While most companies shut down as soon as the pandemic hit, Neuron Mobility was one of the few companies that decided that they want to continue to serve their cities and their riders through the lockdown. Not only did safeguard their customers and employees, they even provided free passes to public health workers who were battling the pandemic on the frontline.

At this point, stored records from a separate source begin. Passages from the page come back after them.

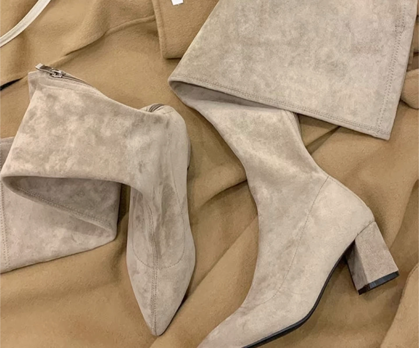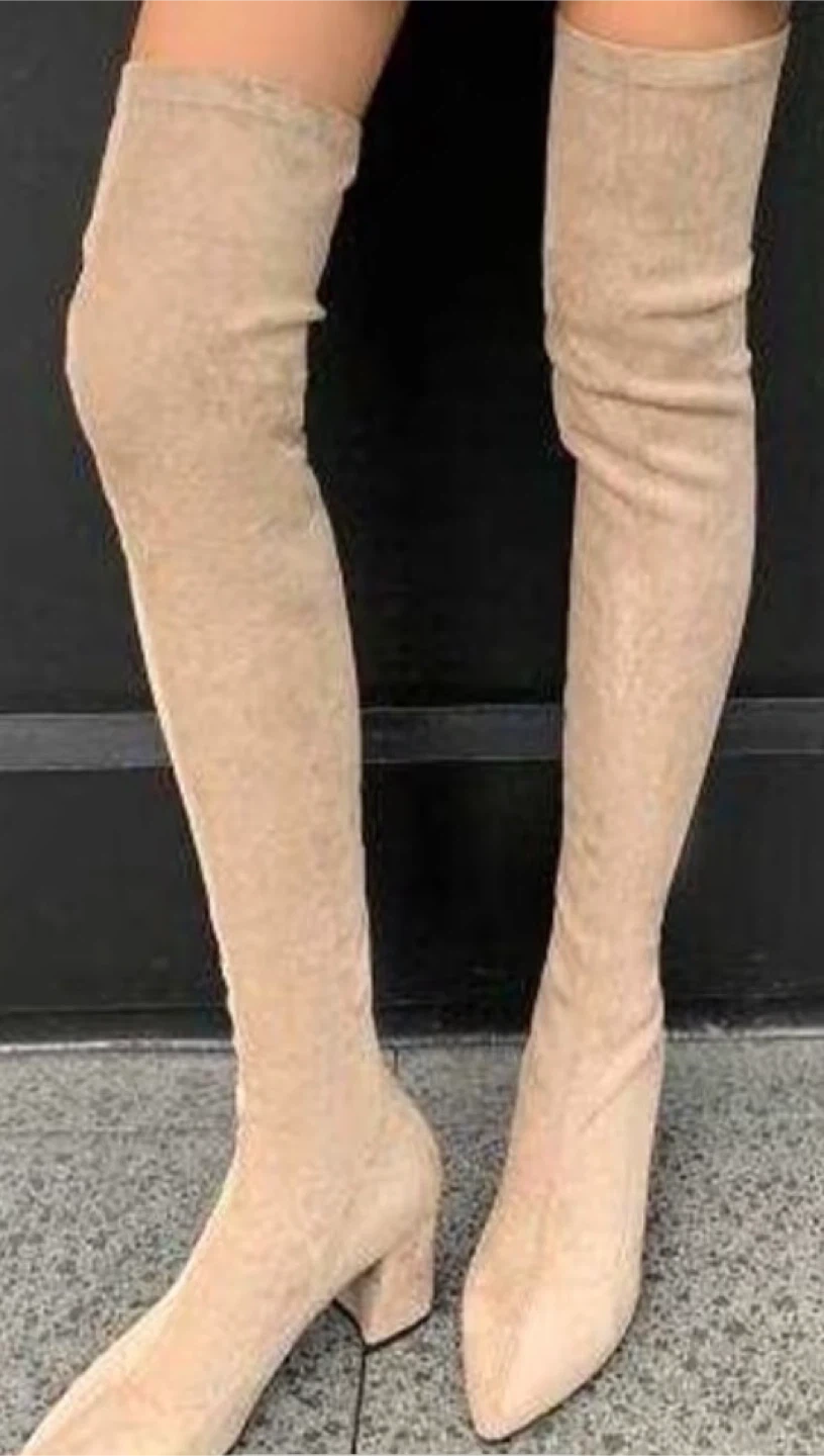 Beige over-the-knee boots in a faux suede material. These boots feature a pointed toe and a chunky block heel. They're perfect for adding a stylish touch to any outfit.
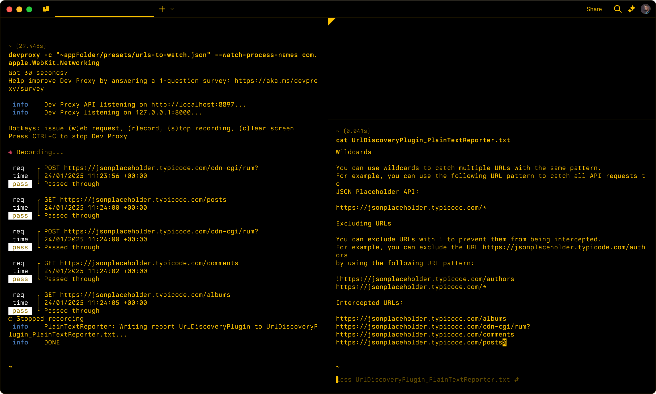 Crea un elenco di URL intercettati dal proxy di sviluppo. Usare questo plug-in per informazioni sugli URL che l'app chiama e su come configurare il proxy di sviluppo per simulare i comportamenti.
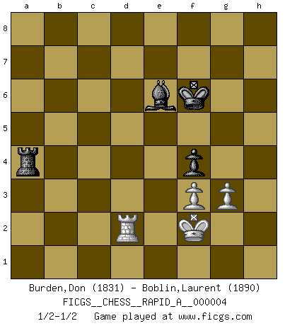Last move : 1/2-1/2 2007 April 14 9:18:4 [Event "FICGS__CHESS__RAPID_A__000004"] [Site "FICGS"] [Date "2006.11.01"] [Round "1"] [White "Burden,Don"] [Black "Boblin,Laurent"] [Result "1/2-1/2"] [WhiteElo "1831"] [BlackElo "1890"] 1.e4 c6 2.d4 d5 3.exd5 cxd5 4.c4 Nf6 5.Nc3 Nc6 6.Bg5 e6 7.cxd5 exd5 8.Bb5 Be7 9.Nf3 O-O 10.Bxc6 bxc6 11.Ne5 h6 12.Be3 Bd6 13.O-O Qc7 14.Re1 Re8 15.Bf4 Bf5 16.Rc1 Qb7 17.Na4 Rac8 18.Re2 g5 19.Bd2 Ne4 20.Nc3 Nxd2 21.Qxd2 c5 22.Rd1 Bxe5 23.Rxe5 Rxe5 24.dxe5 d4 25.Ne2 Bg6 26.h4 Qe4 27.hxg5 hxg5 28.Rc1 Kh7 29.Nxd4 Rd8 30.Nf3 Rxd2 31.Nxg5+ Kh6 32.Nxe4 Bxe4 33.Rxc5 Rxb2 34.Ra5 Kg6 35.Rxa7 Bd5 36.a4 Kf5 37.f3 Kxe5 38.Kh2 Ra2 39.Kg3 Kd4 40.a5 Ke5 41.Kh3 Kf4 42.Kh2 Ra1 43.Ra6 Ra4 44.Ra7 Ra2 45.Ra6 f5 46.Kg1 Bf7 47.Kh2 Bc4 48.Ra7 Bf1 49.Rg7 Rxa5 50.Kg1 Bd3 51.Rc7 Ra2 52.Rh7 Bb5 53.Rc7 Rd2 54.Rg7 Bc4 55.Rc7 Bd5 56.Rg7 Ke5 57.Rh7 Bc4 58.Rh8 Bb3 59.Re8+ Be6 60.Rh8 f4 61.Ra8 Rb2 62.Ra7 Kf6 63.Ra5 Rd2 64.Ra4 Kg5 65.Ra5+ Bf5 66.Kh2 Rf2 67.Kg1 Re2 68.Kh2 Rb2 69.Kg1 Rb4 70.Kf2 Kf6 71.Ra2 Be6 72.Rd2 Ra4 73.g3 1/2-1/2 Caro-Kann : Panov-Botvinnik, normal variation Kingside Castling by player Black (move 9) Kingside Castling by player White (move 13) 10 pieces endgame at move 35 : White KRPPPP , Black KRBP WHITE : King + 1 Rook 4 Pawns BLACK : King + 1 Rook 1 Bishop 1 Pawn 9 pieces endgame at move 37 : White KRPPP , Black KRBP WHITE : King + 1 Rook 3 Pawns BLACK : King + 1 Rook 1 Bishop 1 Pawn 8 pieces endgame at move 49 : White KRPP , Black KRBP WHITE : King + 1 Rook 2 Pawns BLACK : King + 1 Rook 1 Bishop 1 Pawn This chess game ended in a draw. Follow this game move after move (download)In Chess, as it is played by masters, chance is practically eliminated. (Emanuel Lasker) Aljechin war kein Nazi. Er war ein Opportunist. Ein schrecklicher Mann. Er liebte Geld über alles und würde für Geld ein Jude, ein Katolik oder ein Protestant werden. (Miguel Najdorf) Una clavada es mas poderosa que una espada. (Fred Reinfeld) Le succès, c'est être capable d'aller d'échec en échec sans perdre son enthousiasme. (Winston Churchill) Good decisions come from experience, and experience comes from bad decisions. (Anonymous)
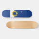 skate com um design com a bandeira de Topeka, Kansas. Uma bandeira azul e branca com um símbolo amarelo
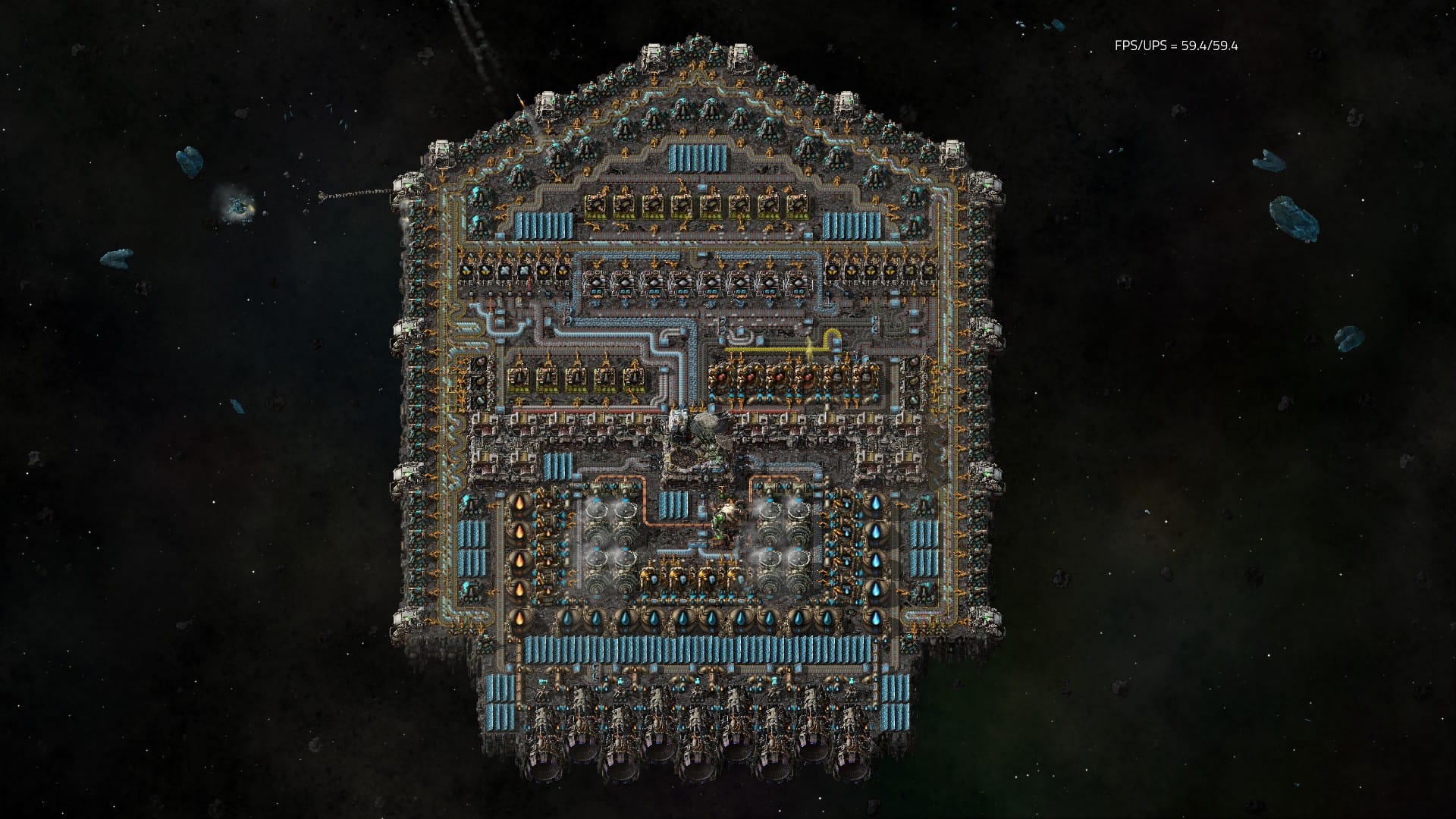 You can build space platforms in orbit around Nauvis (the original planet), but all building materials have to be launched up via rockets with limited capacity. Just like the rest of the game, space platforms are fully customizable and you can create interesting and unique designs. On them, you can mine small asteroids and manufacture space science to continue in the tech tree.
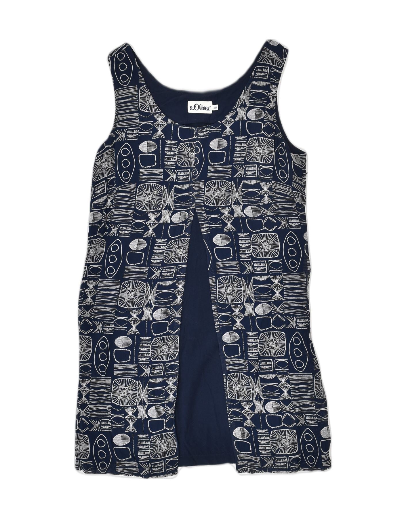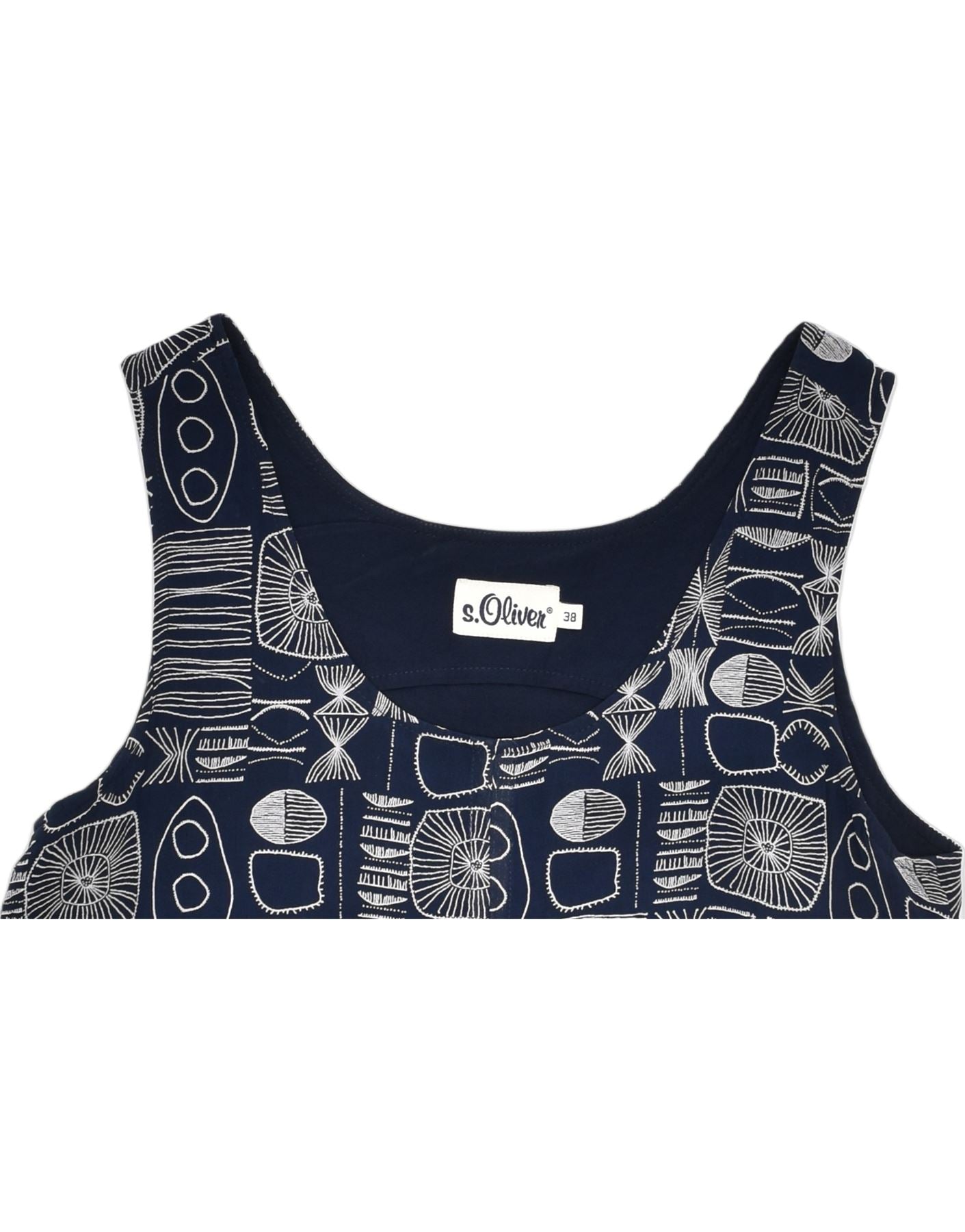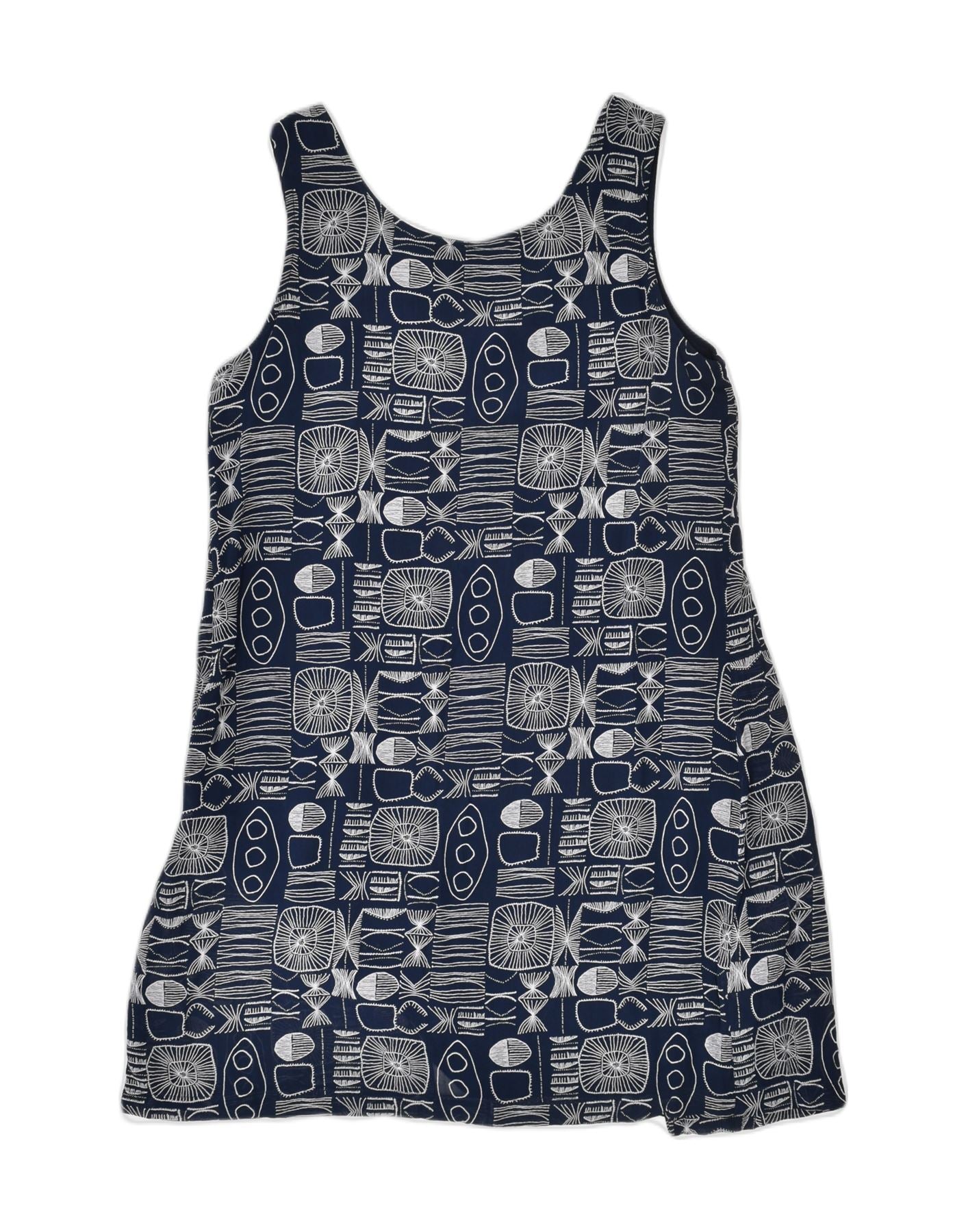 VINTAGE Womens Basic Dress EU 38 Small Navy Blue Geometric Viscose

“Covid-19 has created a unique landscape for the micro-mobility industry globally. It will ultimately create a more level playing field. It has been difficult for the small players, and they are seeking capital at this time, so we can expect to see more consolidation, or some will exit the market entirely. On the other end of the spectrum, large players have had to shut down hundreds of cities, some have already tapped into emergency funding at a much lower rate,” says Wang.

“Continuing to run our service through the lockdown period was a great way to support the cities we operate, and it also allowed us to gain valuable insight into how people will want to travel post-Covid-19. Many new habits were forged during the lockdown including perceptions of different transport options and how we travel around cities. We did a survey of all our riders recently and found that concerns around social distancing and the exposure to germs on public transport have increased the popularity of individual transport options like bikes and e-scooters.

“Findings showed a massive 91% of travellers now consider the risks of Covid-19 when deciding between available transport options, and 85% of respondents said they will continue to be aware of Covid-19 risks on transport even when restrictions relax.”

I wanted to know more about the exciting new development – Neuron Mobility’s launch of services in the UK, to which Wang replied: “After becoming the leading operator and learning a lot in those markets we’ve decided to launch in the UK. E-scooters can play a unique role in getting cities back on the move in a safe, convenient and inexpensive way. The UK government’s announcement of £2 billion to support active travel, and they have brought forward e-scooter trials from next year to next month. This means that many cities will be looking at running trials this year. We have a team on the ground that are already talking to local authorities about how we can use our technology to meet their individual needs.

“We are at the start of the micro-mobility journey, there is tremendous potential for growth and that’s very exciting,” Wang continues.

“Beyond Covid-19 cities are looking to solve problems like congestion, emissions, and to extend the range of existing transport networks. We will see more initiatives to wean people off taking cars for short trips. Many cities have either introduced, or are exploring congestion charging, and taxes on car ownership is increasing. These are growing trends and they do have an effect on consumer behaviour.

“There’s also a lot of room for growth in the micro-mobility service industry as the world shifts from ownership-based mobility to service-based mobility,” concludes Wang.